Difference between TBE- and Denaturing Agarose Gel Electrophoresis of RNA - Gel for RNA (Sep/15/2008 )

Hello everybody,

since some times I am working with RNA and after the isolation I make a gel to see if my RNA is good and clean. All the time I used TBE-agarose-gel, but today my doctor said to me, that I should use a gel only for RNA. So I make a gel with MOPS-Puffer, agarose and formaldehyd.

Now I have a question: where is the difference between the two gels?

Thank you for your answer.

Greetings
Mephi

TBE-agarose gel is a Native gel it helps you to know if there is any RNA or not. But to know the quality, the size, etc. a denaturing gel is need. RNA have loops and pin so the formaldehide/MOPS make it "straight" so is easier to distinguish between some of the RNA types. For a good recipe of denaturing gel go to ambion website. The MOPS buffer is sell at 10X just need to dissolved 1X with DEPC treat water (MOPS buffer is a little bit hassle to prepare).

It really depends on what you want out of the gel. Merlav explains the difference well, although I disagree about "quality" only being assessable on a denaturing gel.

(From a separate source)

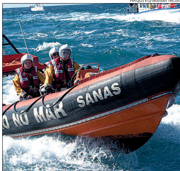
O SANAS fez deslocar para o local, com grande prontidão, três Tornados e quinze homens.

Todos os meios de salvamento e busca disponíveis na Região, sobretudo aéreos e náuticos, foram postos em acção para tentar encontrar o bimotor de registo norte-americano, mal a Protecção Civil despoletou o alarme, tendo também colocado os bombeiros de Machico em estado de prevenção.

If you are checking that your RNA is intact for reverse transcription or something similar then a native TBE (or TAE) gel is sufficient. From the statement "RNA is good and clean" I would guess that a TBE gel + spectrophotometry, which gives you a measure of template concentration and whether there is any contamination (protein or solvent), meets your needs perfectly.

Denaturing gels are a lot of extra work, extra risk (to you) and are difficult to get high quality images from. If you are wanting to do a northern then use a denaturing gel. Please make sure that everything with formamide and DEPC is done in a fumehood. If you don't use deionized formamide your RNA will be degraded. I second Merlavs suggestion of using pre-made MOP's (I use the sigma mix) if you need to run a formamide gel.